"Cochinchine", Léon Werth en guerre contre le colonialisme béat

Sur les traces d'Albert Londres…

À ceux qui douteraient encore du rôle positif de la colonisation française, on ne peut que conseiller la lecture de Cochinchine de Léon Werth. Le romancier s'est rendu en indochine en 1925 à l'invitation de Paul Mounin, avocat au barreau de Saïgon, le même qui entraîna André Malraux dans l’action politique sur les terres asiatiques. Werth aura pour guide Nguyen An-Ninh, opposant très pacifique, aux « abus » de la présence française dans son pays.

Les premières pages du livre donnent d’emblée le ton à l’ensemble. Elles nous jettent sans préambule dans l’ambiance qui préside aux rapports entre colonisés et colonisateurs. Le paquebot au bord duquel se trouve Werth et qui approche de sa destination croise une barque à la dérive où se trouvent deux hommes et un enfant indigènes. Les matelots du paquebot viennent en aide aux naufragés. Les réactions de ses compagnons de voyage lui donnent un avant-goût de ce qu’il devait découvrir durant son séjour. « - On a perdu une heure... dit quelqu’un tout près de moi. […] J’errai sur le pont. Et cette phrase, je l’entendis deux fois... trois fois... quatre fois. Elle n’étonnait personne. Elle circulait sur le paquebot comme la seule vérité de cette heure. ».

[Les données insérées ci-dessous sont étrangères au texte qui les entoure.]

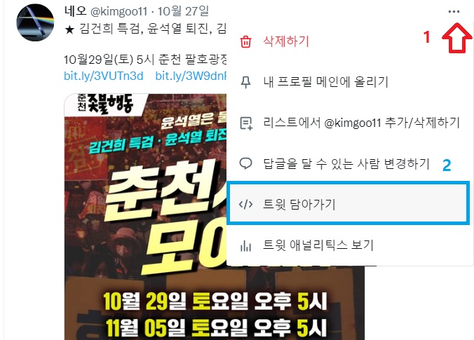 1. 트윗의 우측 상단을 누르고

Léon Werth nous fait découvrir le triste quotidien de la présence française en Indochine. Humiliations, vexations, coups sont monnaie courante. « Les actes de brutalité sont entrés dans la coutume » nous dit Léon Werth. « [...] Un soldat à motocyclette veut passer entre une auto et un pousse. La place n’est pas suffisante. Le soldat doit descendre de sa moto. Il frappe le coolie. » On pourrait multiplier les exemples comme celui-ci.

La colonisation est en fait avant tout synonyme de promotion du médiocre. Le petit-bourgeois peut y régner partout en maître. Le médiocre qui arrive en terre conquise acquiert une promotion sociale fulgurante. «  Tous du gouverneur  au gendarme, ayant connu en Europe la contrainte sociale ou la discipline sont devenus en asie des potentats. Voici, privés de contrainte extérieure, des hommes qui n’en connaissent pas d’autre. Ils sont aussi victimes d’un formidable décalage social. Ils subissent l’ivresse du nouveau riche à un degré qui n’est point imaginable en Europe. »

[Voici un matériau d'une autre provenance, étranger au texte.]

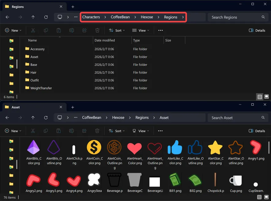 - 目标:[CharacterFolder]/Regions/(单独的区域 PNG)。

Voilà la caractéristique principale de la présence française outre-mer. Caractéristique que l’on retrouve aujourd’hui encore en Afrique, par exemple, — je le sais de première main — où viennent s’échouer les ratés, qui trouvent là-bas une terre où on les accueille comme des demi-dieux qui « savent » tout simplement parce que leur peau est blanche. L’accession au pouvoir d’êtres sans envergure à l’esprit étriqué, hantés par le ressentiment et qui peuvent s’en libérer violemment en toute impunité sur ceux qu’ils dominent, qu’ils ne considèrent pas comme des êtres à part entière est l’une des caractéristiques du fascisme. Le colonialisme fut une forme de fascisme. Le XXe siècle fut avant tout fasciste et nous sommes loin d’en être sortis même si aujourd’hui il prend des formes moins extrêmes mais plus insidieuses.

« Peut-être n’eussé-e point parlé du gendarme Pascal, brute modeste, si je ne connaissais de lui un trait qui le dépasse, un trait particulièrement comique et d’une certaine généralité coloniale. (...) Le gendarme Pascal voulut interdire un cortège traditionnel. Par fantaisie et parce que cela troublait son repos, qui est l’ordre public. Et comme des notables indigènes protestaient, le gendarme Pascal les chassa en leur criant : « Foutez-moi le camp, bande de barbares... ». Voilà un trait qui, mieux que leur brutalité, révèle le gendarme Pascal et toute une classe d’Européens coloniaux. Le gendarme pascal était de bonne foi. Il croit représenter la civilisation. On le lui a dit. Pourqui ne l’aurait-il pas cru ? Et comment le gendarme Pascal suarait-il que – hors les applications mécaniques – la civilisation d’Europe est tout ésotérique, qu’elle s’exprime en des signes inconnus de la foule et souvent incompris de ceux qui les répètent ? Et comment saurait-il qu’un coolie peut-être plus civilisé que le gouverneur que la France extrait de son parlement ? ». J’ai tenu à citer intégralement ce long extrait car il résume avec intelligence le rapport entre colonisé – qui détient le pouvoir et à qui on fait savoir qu’il est légitime – et le colonisé qui doit subir.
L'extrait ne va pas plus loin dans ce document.